Source data:
= Beginning of Section =

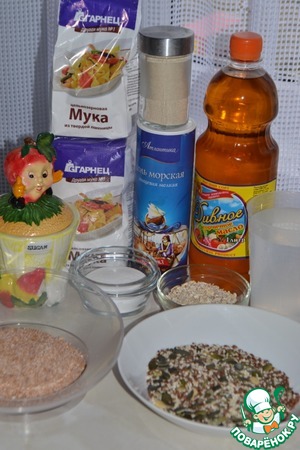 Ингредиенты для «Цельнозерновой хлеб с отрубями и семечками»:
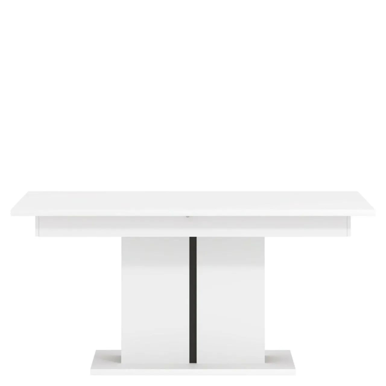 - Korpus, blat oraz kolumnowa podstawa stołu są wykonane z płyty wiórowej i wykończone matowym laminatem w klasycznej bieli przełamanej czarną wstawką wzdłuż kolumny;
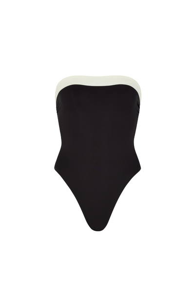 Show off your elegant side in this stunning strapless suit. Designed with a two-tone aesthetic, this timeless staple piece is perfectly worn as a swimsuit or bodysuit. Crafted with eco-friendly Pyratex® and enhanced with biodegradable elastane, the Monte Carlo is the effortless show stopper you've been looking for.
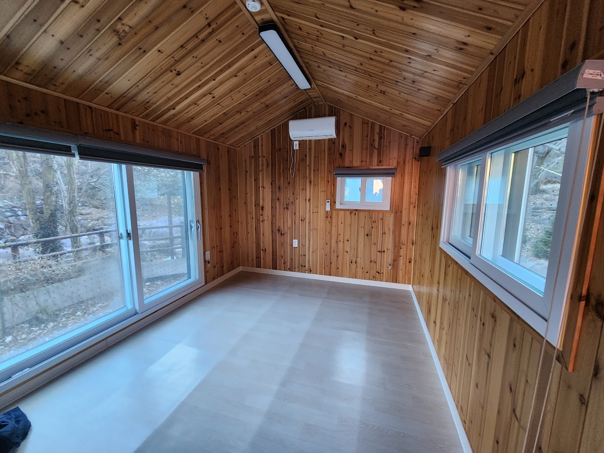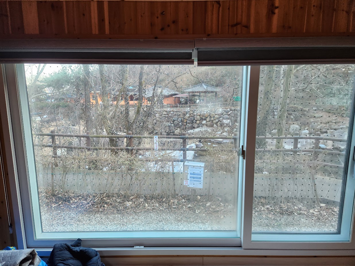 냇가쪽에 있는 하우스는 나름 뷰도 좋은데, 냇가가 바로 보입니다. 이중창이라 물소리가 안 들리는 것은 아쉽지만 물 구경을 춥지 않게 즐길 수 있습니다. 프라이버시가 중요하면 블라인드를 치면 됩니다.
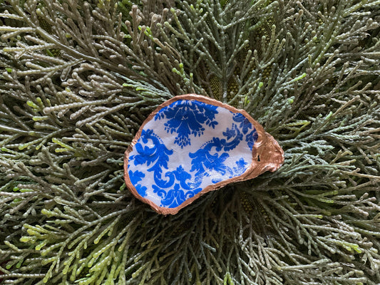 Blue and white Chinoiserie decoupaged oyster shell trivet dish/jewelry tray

= End of Section =

WHAT YOU SHOULD DO>
Repeat the records above exactly, leaving out any pictures they contain.

TASK RESULT>
 Ингредиенты для «Цельнозерновой хлеб с отрубями и семечками»:
 - Korpus, blat oraz kolumnowa podstawa stołu są wykonane z płyty wiórowej i wykończone matowym laminatem w klasycznej bieli przełamanej czarną wstawką wzdłuż kolumny;
 Show off your elegant side in this stunning strapless suit. Designed with a two-tone aesthetic, this timeless staple piece is perfectly worn as a swimsuit or bodysuit. Crafted with eco-friendly Pyratex® and enhanced with biodegradable elastane, the Monte Carlo is the effortless show stopper you've been looking for.
 냇가쪽에 있는 하우스는 나름 뷰도 좋은데, 냇가가 바로 보입니다. 이중창이라 물소리가 안 들리는 것은 아쉽지만 물 구경을 춥지 않게 즐길 수 있습니다. 프라이버시가 중요하면 블라인드를 치면 됩니다.
 Blue and white Chinoiserie decoupaged oyster shell trivet dish/jewelry tray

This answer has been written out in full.